▸ **Task statement**: Starting at the line below that contains "This picture was" and ending at the line that contains "Nadaj wnętrzu dramatyczny", retype each line exactly as it stands, but omit the pictures.

Entries supplied Start Marker

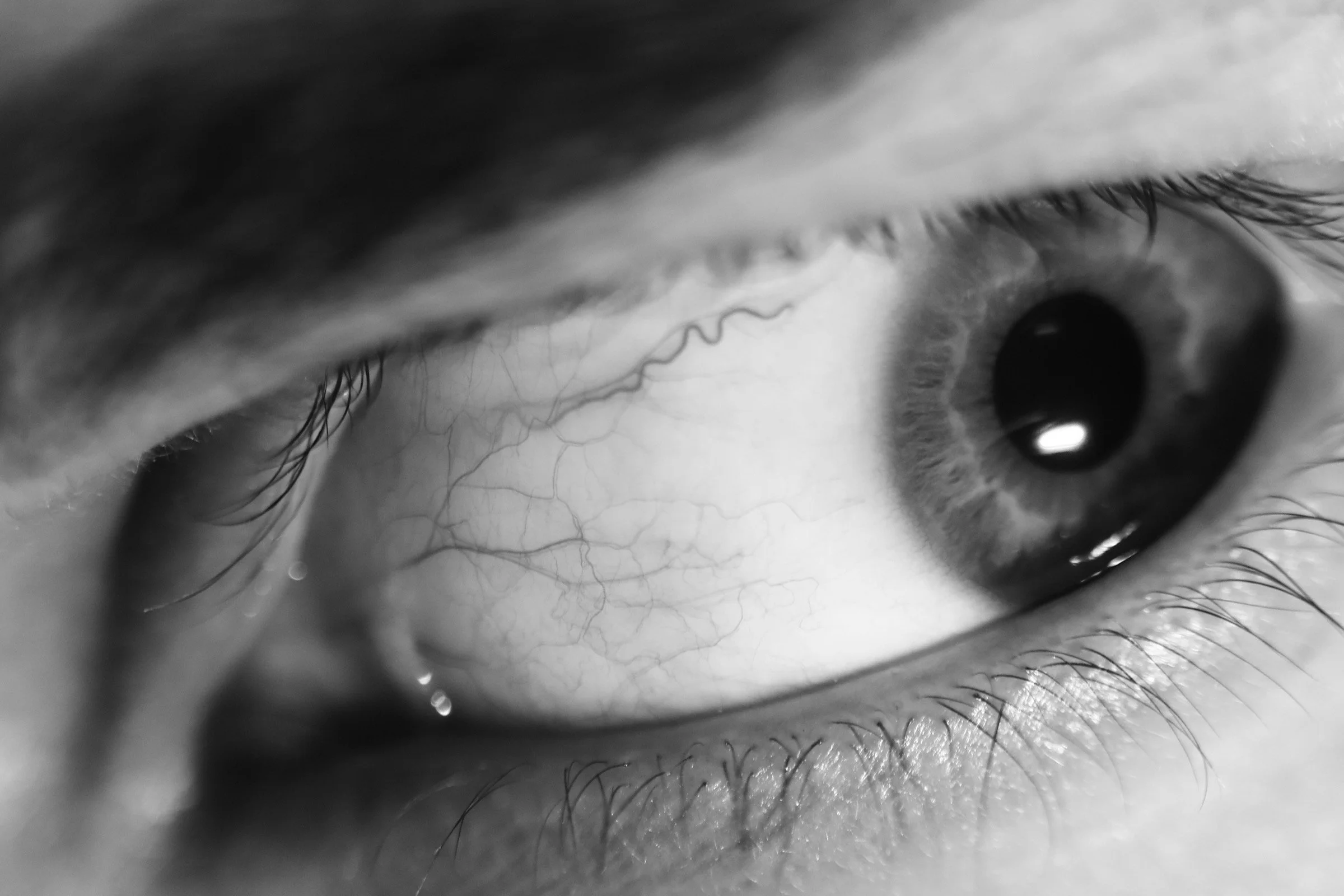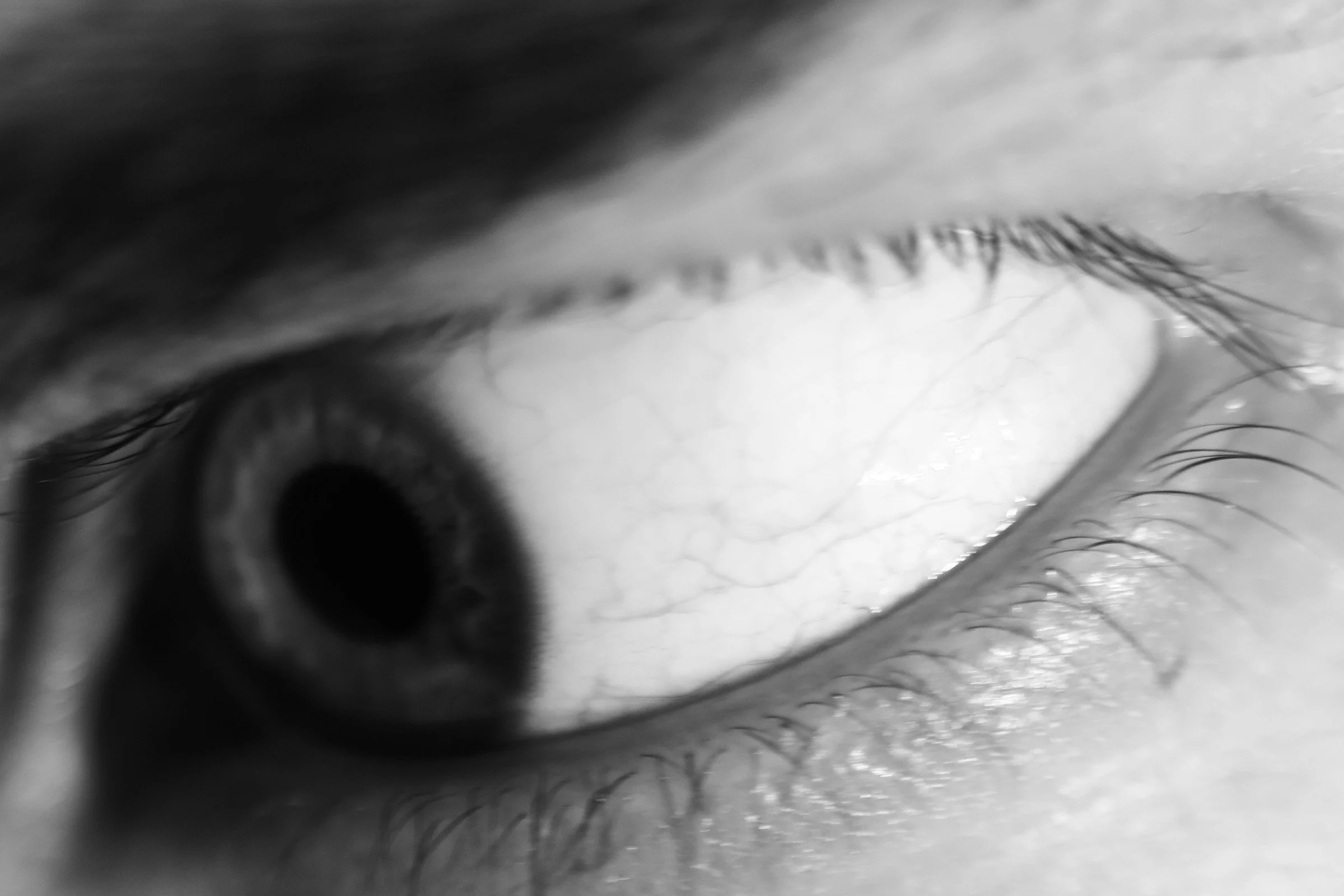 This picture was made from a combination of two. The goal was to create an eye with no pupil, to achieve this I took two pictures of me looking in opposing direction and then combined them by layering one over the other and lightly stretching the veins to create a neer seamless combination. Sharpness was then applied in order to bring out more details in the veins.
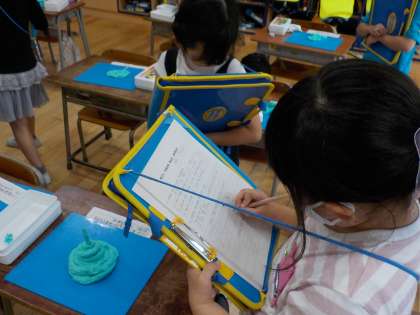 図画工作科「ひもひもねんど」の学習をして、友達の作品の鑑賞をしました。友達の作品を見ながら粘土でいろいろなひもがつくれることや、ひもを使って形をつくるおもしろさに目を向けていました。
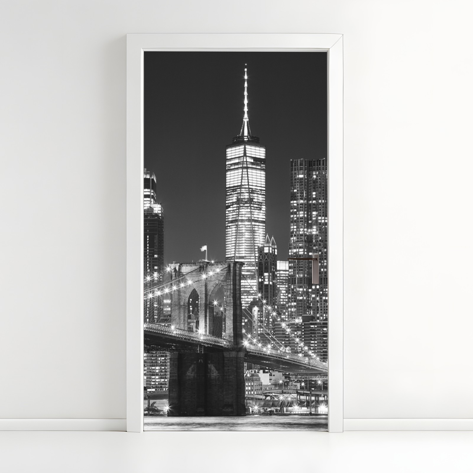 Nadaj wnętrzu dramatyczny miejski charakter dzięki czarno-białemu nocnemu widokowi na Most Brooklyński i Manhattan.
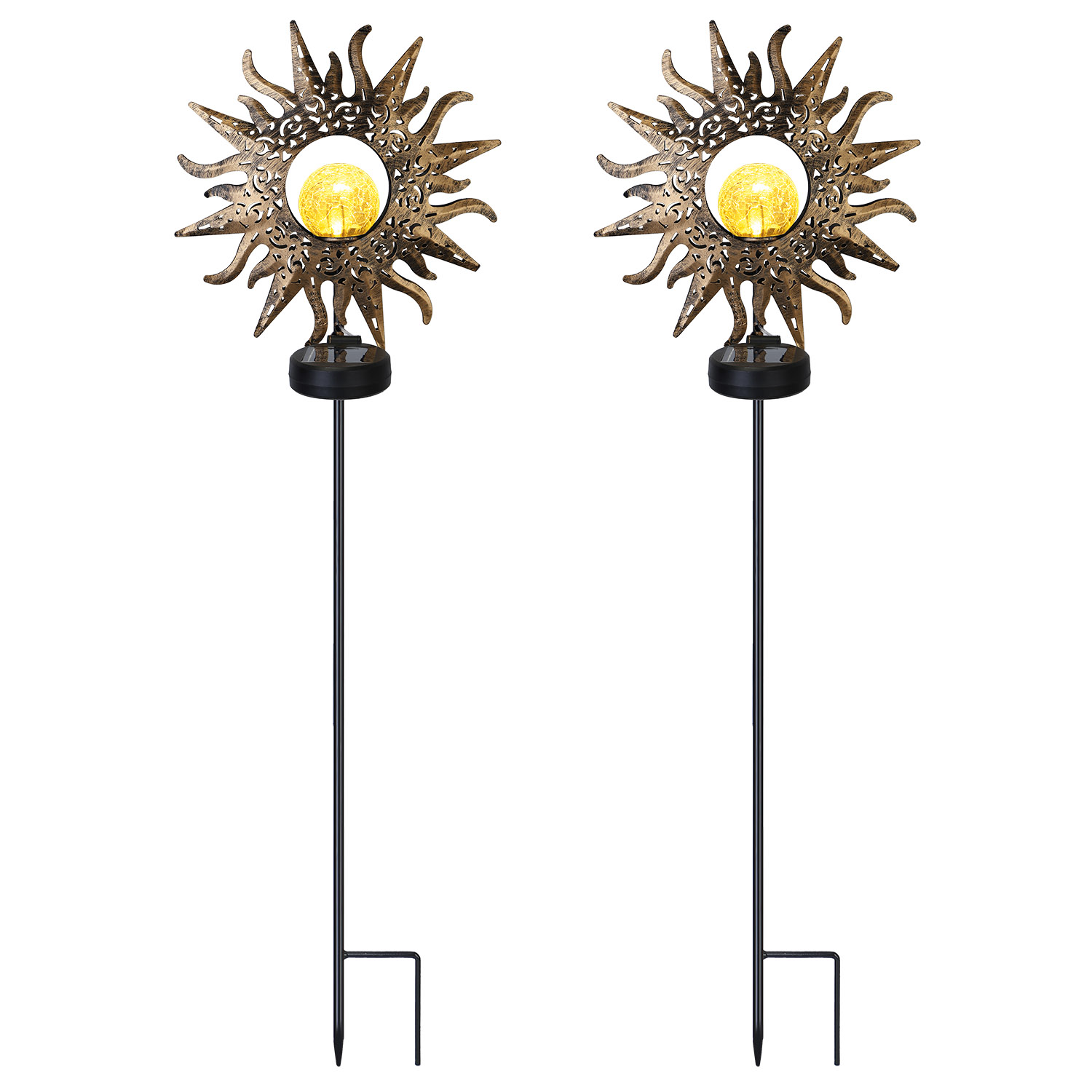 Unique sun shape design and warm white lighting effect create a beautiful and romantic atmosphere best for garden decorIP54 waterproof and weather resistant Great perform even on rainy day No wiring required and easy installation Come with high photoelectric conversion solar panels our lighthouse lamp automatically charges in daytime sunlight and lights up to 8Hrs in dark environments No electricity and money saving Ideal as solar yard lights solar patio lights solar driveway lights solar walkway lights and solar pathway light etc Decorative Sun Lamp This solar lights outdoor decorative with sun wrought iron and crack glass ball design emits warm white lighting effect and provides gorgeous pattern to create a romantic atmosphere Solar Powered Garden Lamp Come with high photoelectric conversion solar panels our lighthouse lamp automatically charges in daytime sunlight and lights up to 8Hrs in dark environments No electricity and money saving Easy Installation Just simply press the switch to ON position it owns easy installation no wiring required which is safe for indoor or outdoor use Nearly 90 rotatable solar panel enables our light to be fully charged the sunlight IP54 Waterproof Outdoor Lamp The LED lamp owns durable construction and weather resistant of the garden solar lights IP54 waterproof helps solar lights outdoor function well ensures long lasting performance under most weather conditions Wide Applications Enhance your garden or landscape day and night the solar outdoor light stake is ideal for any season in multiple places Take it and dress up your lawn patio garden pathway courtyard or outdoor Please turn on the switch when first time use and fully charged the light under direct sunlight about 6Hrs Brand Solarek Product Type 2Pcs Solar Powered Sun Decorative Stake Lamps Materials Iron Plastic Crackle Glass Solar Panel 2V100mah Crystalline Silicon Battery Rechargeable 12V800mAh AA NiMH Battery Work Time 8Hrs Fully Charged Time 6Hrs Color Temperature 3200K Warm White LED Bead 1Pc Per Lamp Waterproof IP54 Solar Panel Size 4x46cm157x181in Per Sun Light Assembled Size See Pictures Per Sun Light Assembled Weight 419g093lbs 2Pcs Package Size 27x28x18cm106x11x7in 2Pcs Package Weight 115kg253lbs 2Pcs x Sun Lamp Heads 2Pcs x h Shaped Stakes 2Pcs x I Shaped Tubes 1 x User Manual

Entries supplied End Marker
Entries supplied Start Marker

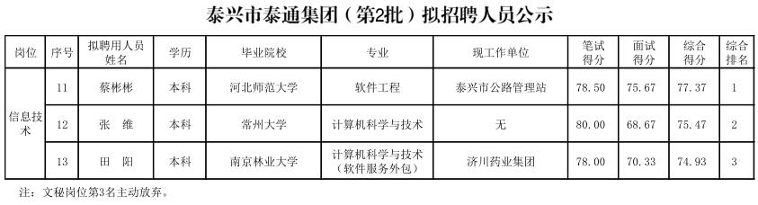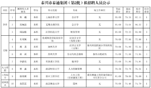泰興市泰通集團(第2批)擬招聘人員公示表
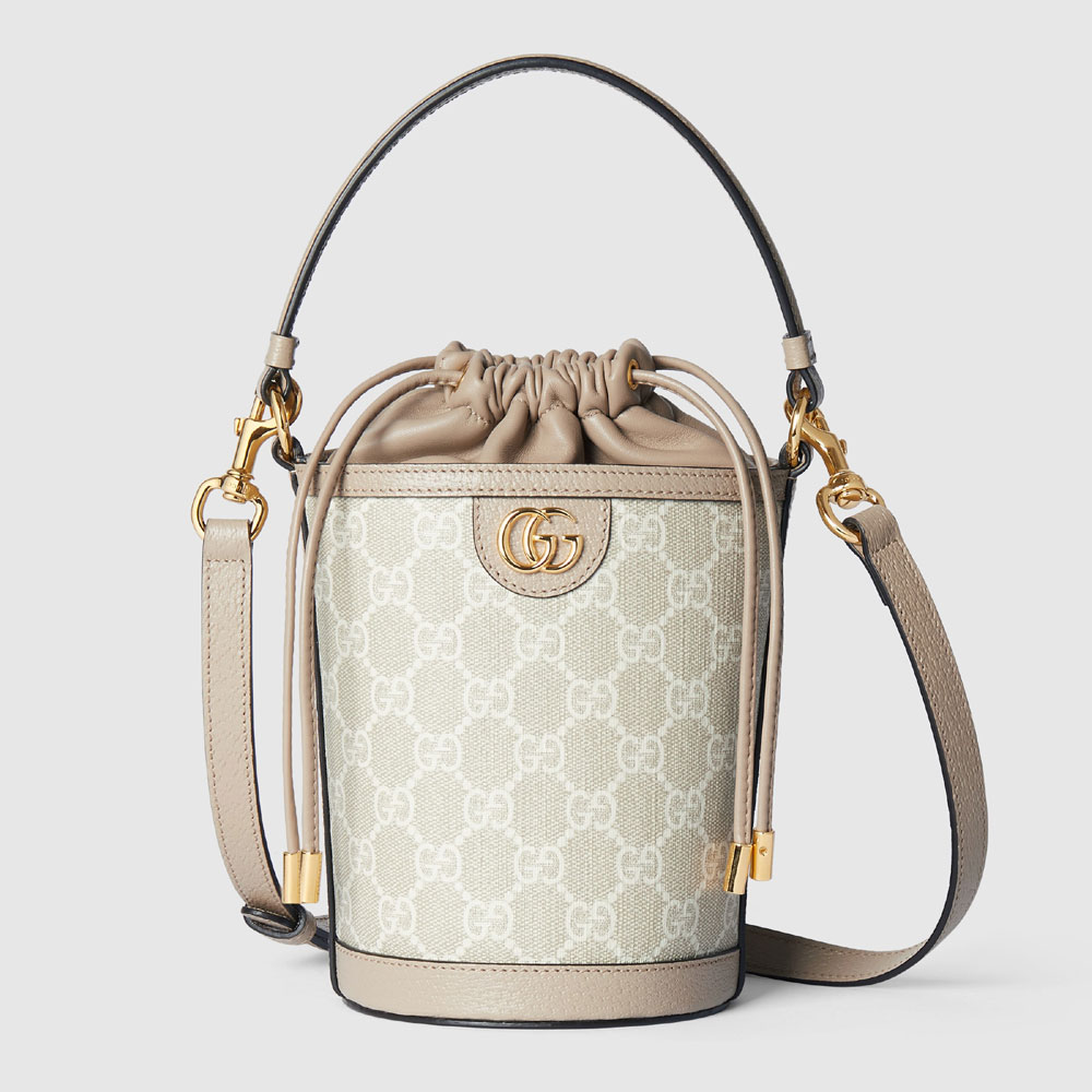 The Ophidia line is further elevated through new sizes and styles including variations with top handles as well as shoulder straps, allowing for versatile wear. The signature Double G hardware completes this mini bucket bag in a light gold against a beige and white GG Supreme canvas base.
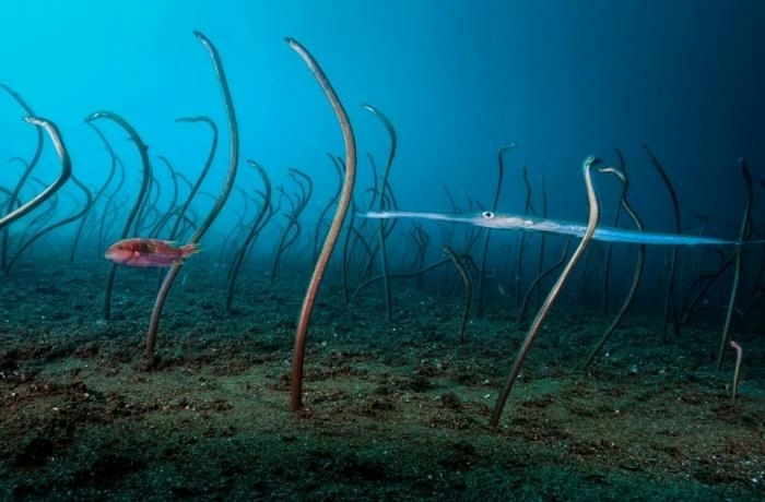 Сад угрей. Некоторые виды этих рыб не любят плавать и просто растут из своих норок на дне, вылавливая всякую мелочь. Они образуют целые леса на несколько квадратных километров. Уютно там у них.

Entries supplied End Marker

▸ **Answer space**:
 This picture was made from a combination of two. The goal was to create an eye with no pupil, to achieve this I took two pictures of me looking in opposing direction and then combined them by layering one over the other and lightly stretching the veins to create a neer seamless combination. Sharpness was then applied in order to bring out more details in the veins.
 図画工作科「ひもひもねんど」の学習をして、友達の作品の鑑賞をしました。友達の作品を見ながら粘土でいろいろなひもがつくれることや、ひもを使って形をつくるおもしろさに目を向けていました。
 Nadaj wnętrzu dramatyczny miejski charakter dzięki czarno-białemu nocnemu widokowi na Most Brooklyński i Manhattan.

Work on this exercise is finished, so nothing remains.